You might be wondering, “Why does any of this work reliably?” The answer, and the reason EBS performance isn’t a complete joke anymore, is the Nitro System. In the old days, hypervisor overhead was a real performance killer. Nitro offloads the virtualization and I/O to dedicated hardware and lightweight hypervisors. This means when your instance talks to its EBS volume, it’s talking over a dedicated network channel with minimal overhead, getting you much closer to the performance you’re actually paying for. It’s the unsung hero of modern EC2. If your instance is not Nitro-based (check the AWS docs), just assume your EBS performance will be worse. Use Nitro.

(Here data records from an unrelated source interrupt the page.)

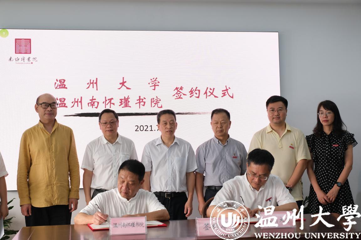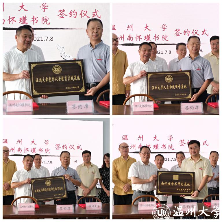 会上,统战部负责人代表新澳门六合彩 与温州南怀瑾书院签订战略合作协议,形成长效合作机制。授牌成立新澳门六合彩 党外人士教育基地、人文学院研学基地,华侨学院华文教育基地和南怀瑾学术研究基地。
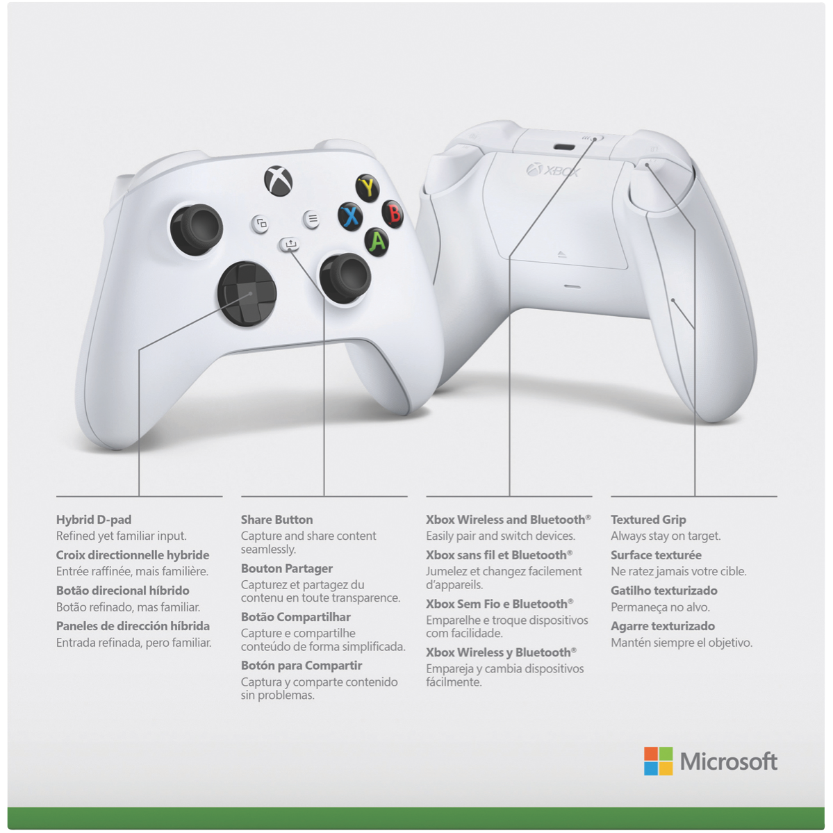 Take gaming to the next level with the Xbox Wireless Controller in stunning Robot White. This advanced controller is designed for seamless gaming on Xbox Series X/S Xbox One and Windows PCs. Its Bluetooth connectivity provides wireless freedom while the 3.5mm audio jack lets you plug in any compatible headset. With sculpted contours and textured grips you'll enjoy enhanced comfort for marathon gaming sessions. The responsive buttons and D-pad deliver precision play so you can react quickly and execute game-winning moves. Bring your A-game and dominate the competition with this high-performance Xbox controller. Compatible across Xbox and PC it offers versatile next-gen wireless gaming. The manufacturer's part number for this product is QAS-00006. Game on with the Xbox Wireless Controller today!
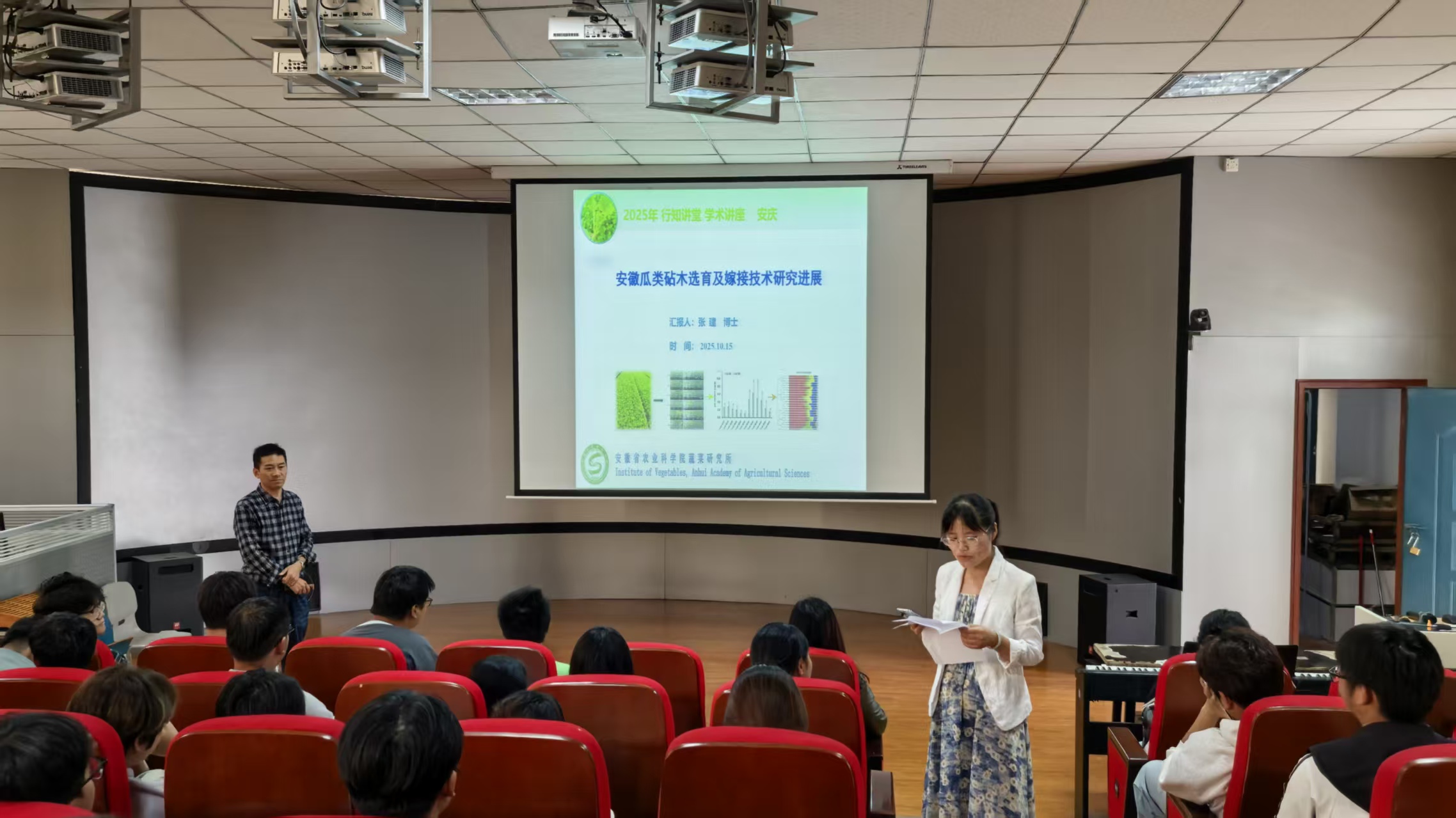 张建从安徽瓜类产业现状出发,围绕“砧木选育的重要性”“特色砧木品种开发”和“嫁接技术实践应用”三个主要方面进行了系统讲解。内容兼具前沿性与实用性,帮助在场师生进一步理解相关技术的应用前景与发展趋势。
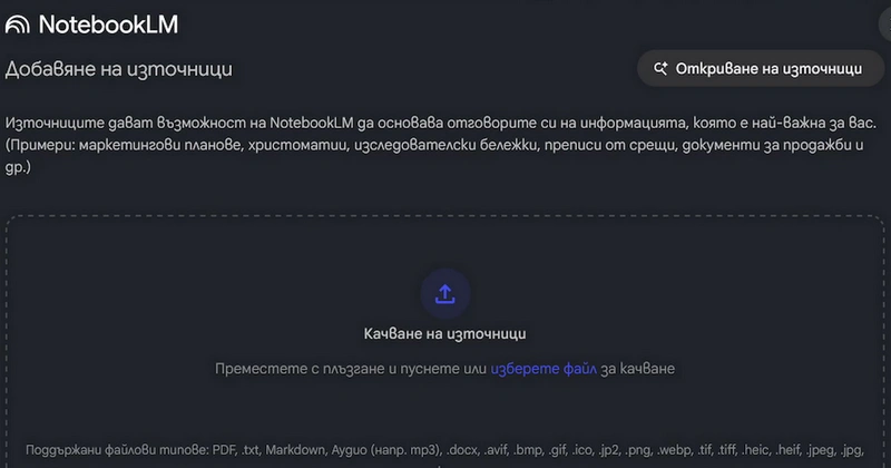 NotebookLM поддържа разнообразни формати на входящи данни, включително PDF файлове, Google документи, презентации, уеб адреси, текстове, аудио и видео материали.
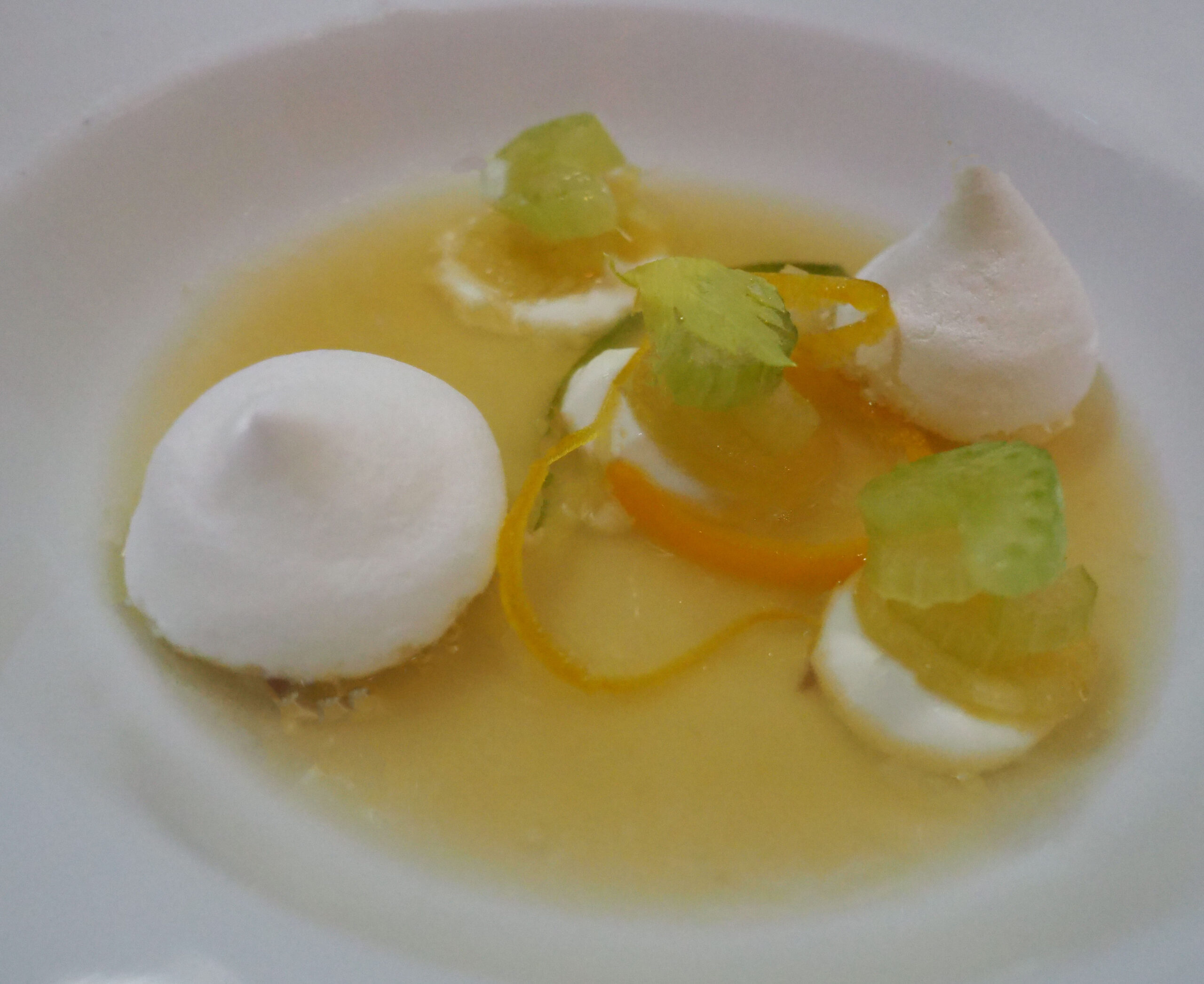 meringue en crème fraîche parels over de borden. Verdeel de zestes
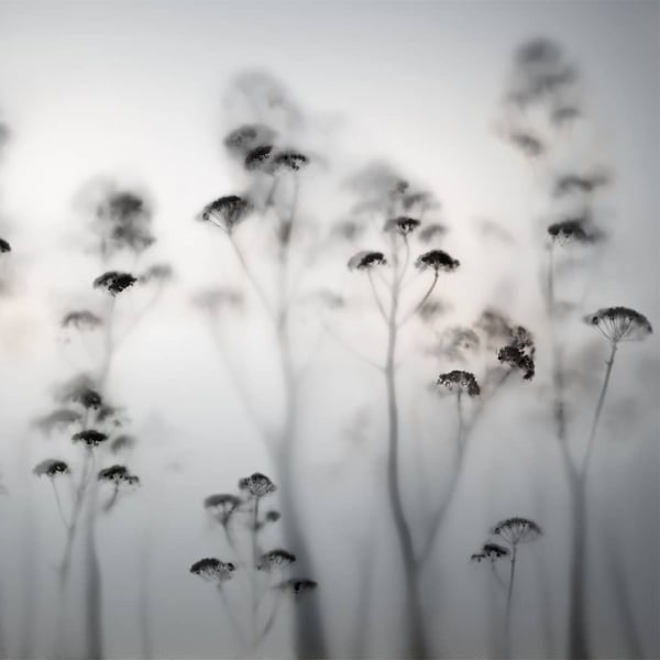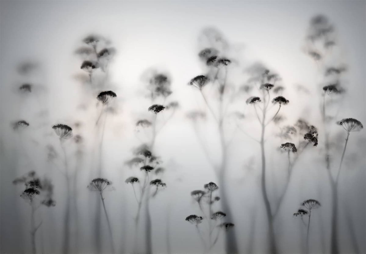 Angélique dans la Brume, un papier peint panoramique signé Koziel, illustre un jardin d’ombellifères dont il porte le nom. Les silhouettes se dessinent à travers de tiges dressées, au bout desquelles les fleurs en ombelle émergent du brouillard. Leur inflorescence apporte du graphisme au mur, outre le charme mystique des figures brumeuses.
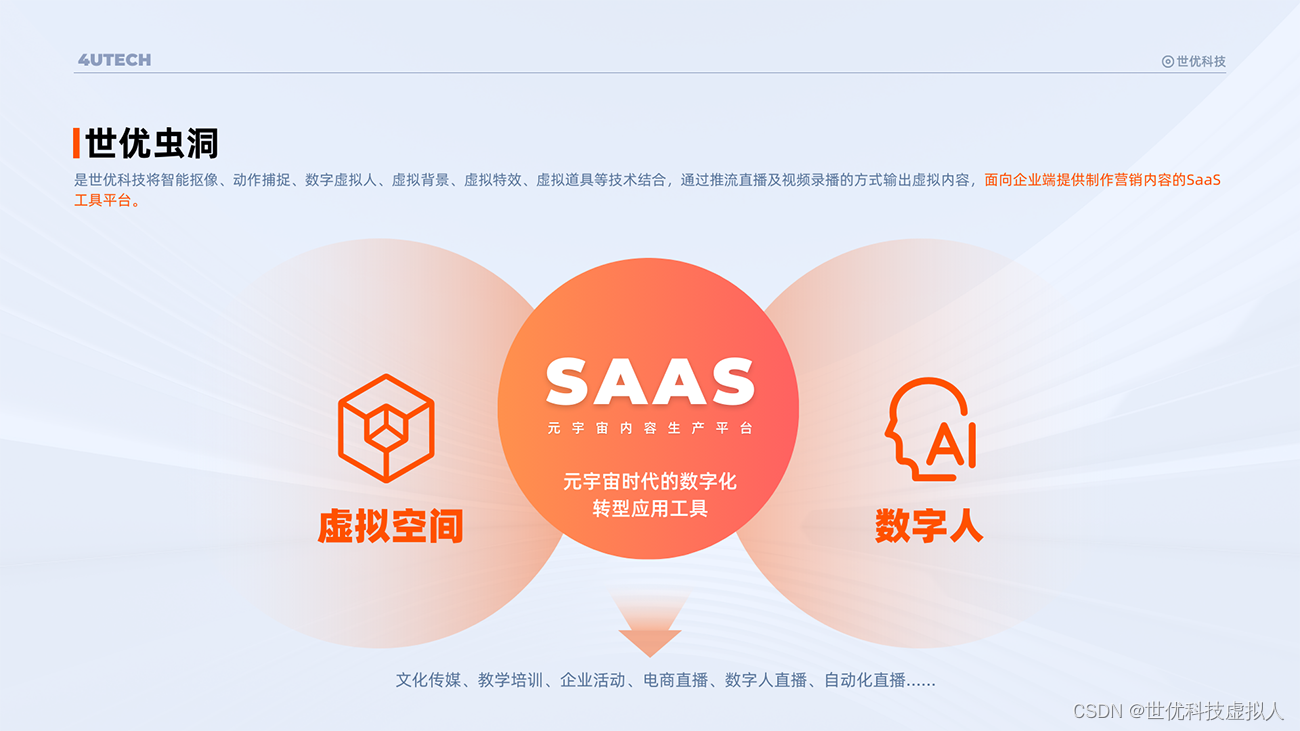 世优科技给出了答案。作为虚拟技术提供商,世优科技推出的3D数字虚拟内容SaaS平台—【世优虫洞】,具备许多亮点和优势,可以实现从直播前、中、后全流程精细化服务,能够全方位覆盖各种线上节目制作的需求。

Provisioning in Practice: A Code Example

Enough theory. Let’s create a volume that doesn’t suck. Here’s how you provision a gp3 volume with more than the baseline performance using the AWS CLI. Notice we set IOPS and throughput separately from size.

# Create a 100 GiB gp3 volume with 10,000 IOPS and 250 MB/s throughput
aws ec2 create-volume \
    --volume-type gp3 \
    --size 100 \
    --iops 10000 \
    --throughput 250 \
    --availability-zone us-east-1a \
    --tag-specifications 'ResourceType=volume,Tags=[{Key=Name,Value=My-High-Perf-Volume}]'

# For an io2 volume, you MUST specify the IOPS. Throughput is calculated based on IOPS (256 KiB per IOP).
aws ec2 create-volume \
    --volume-type io2 \
    --size 500 \
    --iops 20000 \
    --availability-zone us-east-1a

The Gotchas: Where They Get You

The Burst Balance Trap: gp3 has a burst bucket for throughput, not IOPS. Its baseline is 125 MB/s. It can burst to 1000 MB/s, but it consumes a credit balance to do so. If you sustain high throughput, you’ll drain the bucket and crash back to 125 MB/s until it refills. If you need sustained high throughput, you must provision it. A common pitfall is seeing great performance for a few minutes, then wondering why your batch job grinds to a halt later.
The 1 MiB Rule: AWS bills for IOPS, but defines one IOP as one 16 KiB read or 4 KiB write. However, to achieve maximum throughput, you need to use larger I/O sizes. If your application does a lot of 4 KiB writes, it will never hit the maximum MB/s throughput of your volume because it’s not moving enough data per operation. This is an application-tuning issue.
The 64 KiB Joke: For gp3, throughput provisioned over 125 MB/s is only available for I/O operations larger than 64 KiB. If your workload does mostly small I/O (e.g., database transaction logs), you might pay for 500 MB/s and never see it. It’s a classic “read the fine print” moment.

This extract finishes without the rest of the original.